The new Rule requires operators to (1) delete children’s PI when the PI is no longer reasonably necessary for the purposes for which it was collected and (2) establish and maintain a written data retention policy addressing information collected from children that specifies the purposes for which children’s PI is collected, the business need for retaining the information, and the time frame for deleting it. Operators do not have to establish a separate children’s retention policy if they already have one applicable to children’s PI that addresses the Rule’s requirements. The policy should be included in an operator’s direct and website notices. 

Safe Harbor Programs

The COPPA Rule currently allows organizations to submit for FTC approval, self-regulatory guidelines that implement substantially the same requirements as the Rule.

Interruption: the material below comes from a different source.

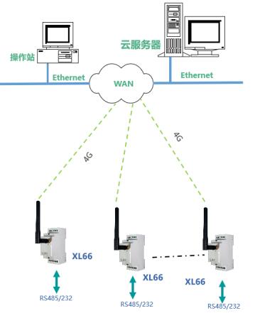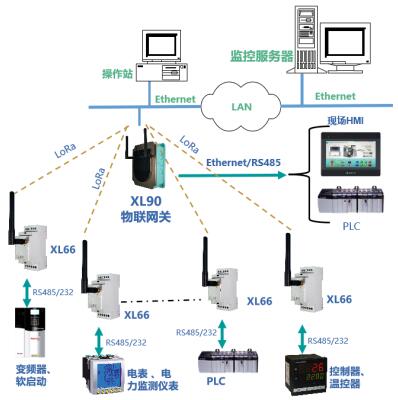 工廠、車間、園區(qū)等場所,有RS485或232通信接口的控制器、二次儀表、變送器等,可通過XL66實現(xiàn)無線聯(lián)網(wǎng)。
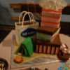 made for my niece who turned thirty, loves shopping camping and children...she works with children as a nanny/daycare provider hence the old nanny bag..old navy is her favorite store all fondant all edible except the candle in the fire pit...TFL

The amended Rule includes updates to enhance oversight of, and transparency regarding, these FTC-approved safe harbor programs.

• These updates include:

• Requiring programs to annually review their operators’ security policies, practices, and representations.

• Strengthening the FTC’s oversight by requiring programs to include in their annual reports to the FTC (1) the names of all program-approved operators and each of their approved websites or online services; (2) any operators that left the program during the previous year; (3) a description of the program’s business model; (4) copies of available consumer complaints related to operators’ violation of the program’s guidelines; and (5) a description of how the program determines if operators should be disciplined. 

• Increasing transparency by requiring programs to publicly post each of their approved operators, and for each operator, a list of approved websites or online services.

The FTC’s publication of its amendments underscores a bipartisan focus on children’s privacy. US states are also passing legislation to protect children’s online safety at a rapid pace. Many US states have passed legislation focused on youth issues that range from efforts to protect minors on social media, gaming platforms, and other online services to providing teens additional consent rights and data protections and protecting minors from harmful content. Due to an increased focus on protecting children from online harm, businesses may want to assess their current data practices and policies to ensure their processing of children’s information is compliant with both COPPA (and its implementing regulations) and new state laws.